At step one, AmeriTrak argues that the `509 Patent is directed to the abstract idea of "collecting information from a vehicle and transmitting it," Docket No. 32 at 8, and that the other patents-in-suit are directed to the abstract idea of sending a map or instructions to a snow plow over a wireless network. Id. at 10-11. Concaten responds, first, that the patents-in-suit do not fall into one of the categories of ineligible concepts identified in Alice Corp. and, second, that the patents-in-suit are concerned with "the dynamic optimization of the allocation of snowplow resources in view of real time conditions," which is not an abstract idea. See Docket No. 37 at 6-8.
As a preliminary matter, the Court is not persuaded by Concaten's argument that, to contest eligibility under Section 101, an alleged infringer must demonstrate that a patent falls into one of four categories of ineligible subject matter.
Turning to the representative claims of the patents-in-suit, the Court finds that the `509 Patent is directed to an abstract idea: namely, collecting information from a vehicle and transmitting that information over a network. The Federal Circuit's decision in Ultramercial is instructive. In that case, the court considered a patented method of
Ultramercial, 772 F.3d at 714-15. The Federal Circuit held that the method merely described the abstract idea of using advertising as an exchange or currency and was "devoid of a concrete or tangible application." Id. at 715. Likewise, in Content Extraction, the Federal Circuit held that patents that recited a method of (1) extracting data from hard copy documents using a scanner, (2) recognizing specific information from that data, and (3) storing that information in memory recited a well-known abstract idea. 776 F.3d at 1347. The Content Extraction court further noted that "humans have always performed" the functions of collecting, recognizing, and storing data, and that, notwithstanding the requirement that the functions be performed on a scanner, the claims were "drawn to the basic concept of data recognition and storage." Id.

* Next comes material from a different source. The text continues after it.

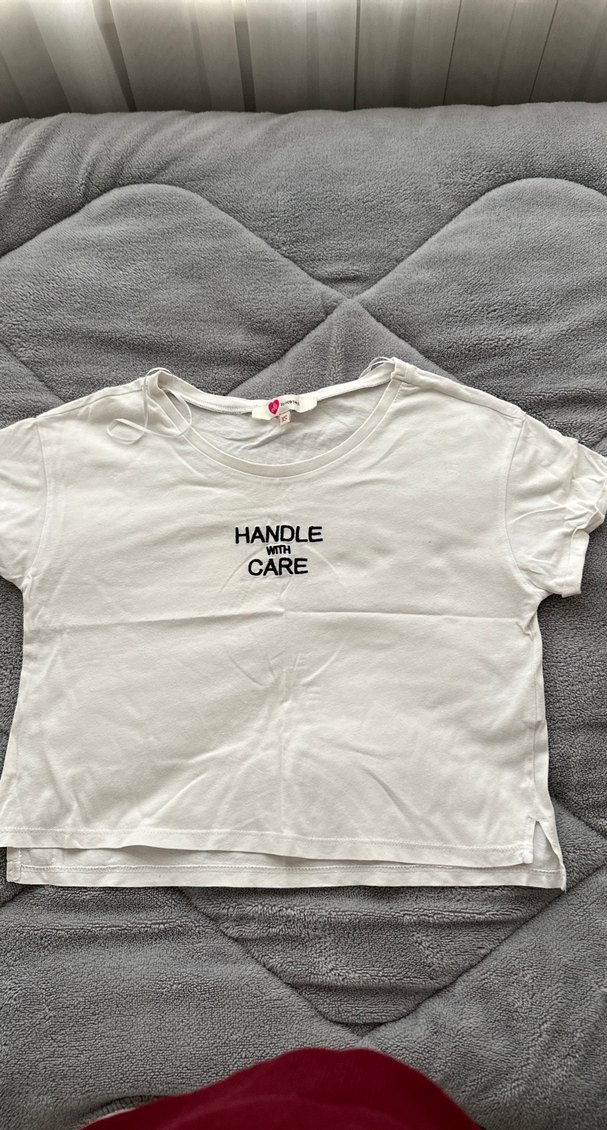 Pamuk kumaştan, baskılı "HANDLE WITH CARE" yazılı beyaz, kısa kollu, yuvarlak yaka, bol kesim basic tişört. Rahat sokak stili ile günlük kullanıma uygun.

In OIP Techs., Inc. v. Amazon.com, Inc., 788 F.3d 1359 (Fed.Cir.2015), the Federal Circuit considered a patented price-optimization method with the following limitations: "(1) testing a plurality of prices; (2) gathering statistics generated about how customers reacted to the offers testing the prices; (3) using that data to estimate outcomes (i.e. mapping the demand curve over time for a given product); and (4) automatically selecting and offering a new price based on the estimated outcome." Id. at 1361. The court found that the "concept of offer-based price optimization" was an abstract economic concept and that "the claims merely recite well-understood, routine conventional activities, either by requiring conventional computer activities or routine data-gathering steps." Id. at 1363 (citation, quotation, and alteration omitted).
The `509 patent describes an abstract idea: namely, collecting information and transmitting it over a network — or, in the language of the `509 Patent, "collecting selected types of information in vehicular and roadside applications and transmitting at least some of the collected information to a remote server." Docket No. 7-1 at 14, Col. 2, ll 34-37. Although the `509 Patent describes itself as a "smart modem" device, the specific claims are limited to collecting and transmitting information "regarding vehicle state and/or vehicle occupants." Docket No. 7-1 at 23. The patent does not describe a new device or improvement in any specific device that would convert the scope of its claims from abstract idea to patent-eligible innovation.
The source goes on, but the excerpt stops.